Wir sprachen von vergangnen Zeiten; Frau von Rüdel hatte ein pietätvolles Gedächtniß für alle Kleinigkeiten ihres Jugendlebens. Mitten in der eifrigsten Unterhaltung unterbrach sie sich plötzlich, zog ein Notizbuch aus der Tasche, riß ein Blättchen heraus und sagte entschuldigend: „ich will nur rasch die Butteradresse für die Dame neben mir aufschreiben.“

„Ihre poetische Ader hat wohl aufgehört zu fließen?“ erlaubte ich nur lächelnd zu fragen.

„O nein,“ erwiderte sie mit gutem Humor, „mein Mann hat sogar meine Gedichte gesammelt und in einem Prachtbändchen herausgegeben, doch er hat die kleine Bosheit geübt, mir alle tadelnden Recensionen, welche er auffinden konnte, mit einem Rothstift angestrichen, auf den Frühstückstisch zu legen.“

Herr von Rüdel kam herbei, um mich freundschaftlich zu begrüßen. Er hatte den letzten Theil unseres Gesprächs gehört und meinte nun, Ada’s Gedichte seien doch im Ganzen sehr günstig von dem Publicum aufgenommen; überhaupt beklage er, daß seiner Frau schönes poetisches Talent sich wegen Zeitmangels nicht in wünschenswerther Weise entwickeln könne.
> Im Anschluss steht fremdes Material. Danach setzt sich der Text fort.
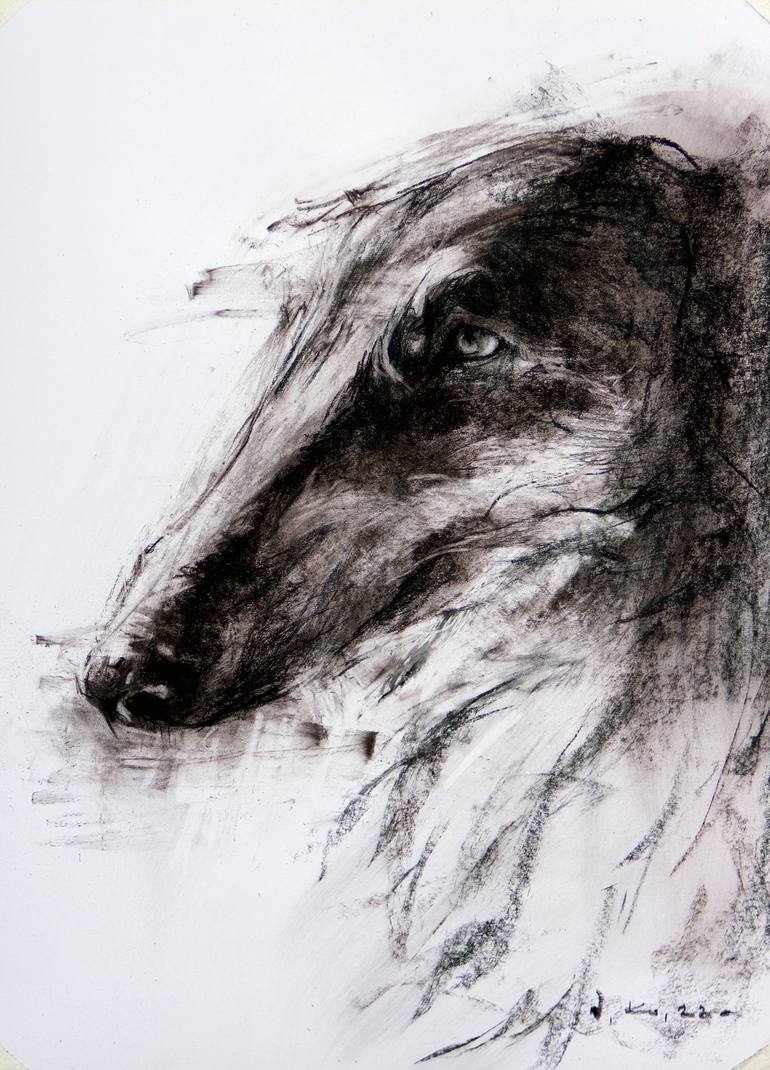 Portrait of a noble breed of dog. The drawing expresses the deep look of an intelligent and devoted friend.

O Ballabend! Du bist verrauscht, aber meine Erinnerung hält noch fest die ängstliche Frage: „macht sie auch ganz gewiß keine Gedichte?“ –

Eine große Gestalt mit einem eingefallenen Gesicht trat zu mir: „Herr Präsident, Sie kennen mich nicht mehr?“

Großer Gott, ist’s möglich, Gretchen Hein, die Regierungsräthin Reich? Welch’ trostlose Veränderung! jetzt in Wahrheit eine Tochter von Freund Hein, – ein lachender Todtenkopf. Ja, das Lachen, das alte süße silberhelle Lachen! Der Ton klang jetzt so gezwungen, er that mir weh. Aus dem kleinen Munde zwei große falsche Zähne hervor stehend, – o, es ist wohl ein böser Traum, ein Bild im Hohlspiegel, welches mich äffte?

Aus der Thür des Nebenzimmers guckten fünf bis sechs neugierige Kinderköpfe wie die Orgelpfeifen hervor. Gewiß sind das Alles Gretchens Kinder, dachte ich mit einem leisen Schauer; also ist sie doch eine glückliche Familienmutter. Ich fragte sie.
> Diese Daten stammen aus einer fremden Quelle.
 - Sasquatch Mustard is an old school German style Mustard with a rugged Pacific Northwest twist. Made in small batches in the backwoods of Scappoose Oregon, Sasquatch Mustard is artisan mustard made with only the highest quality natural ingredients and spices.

„Ich habe keine Kinder,“ sagte sie kurz, und ein dunkler Schatten verfinsterte ihr Gesicht.

„Komm’, Frau, empfiehl Dich der Wirthin; ich will fort,“ rief eine harte Stimme, die dem Regierungsrath Reich angehörte, einer langen nach vorn gebeugten Beamtenfigur, deren Gesichtsfarbe Leberleiden und Reizbarkeit der Stimmung ausdrückte.

Gretchen brach hastig das Gespräch ab, lief eilig ihrem schon vorangegangenen Gemahl nach, raffte im Vorzimmer ihre Sachen zusammen, stülpte sich den Hut auf, und stürmte die Treppe hinunter, von deren unterster Treppe es wie dumpfer Donner grollte: „Gretchen, Frau! komm’!“

Ach, der geflügelte freie Sturmwind in rührender Dienstbarkeit – wer hätte sich das je gedacht! Eine pflichttreue Frau ist ein edles Wesen, doch dürfen wir nicht dabei an Knechtschaft erinnert werden.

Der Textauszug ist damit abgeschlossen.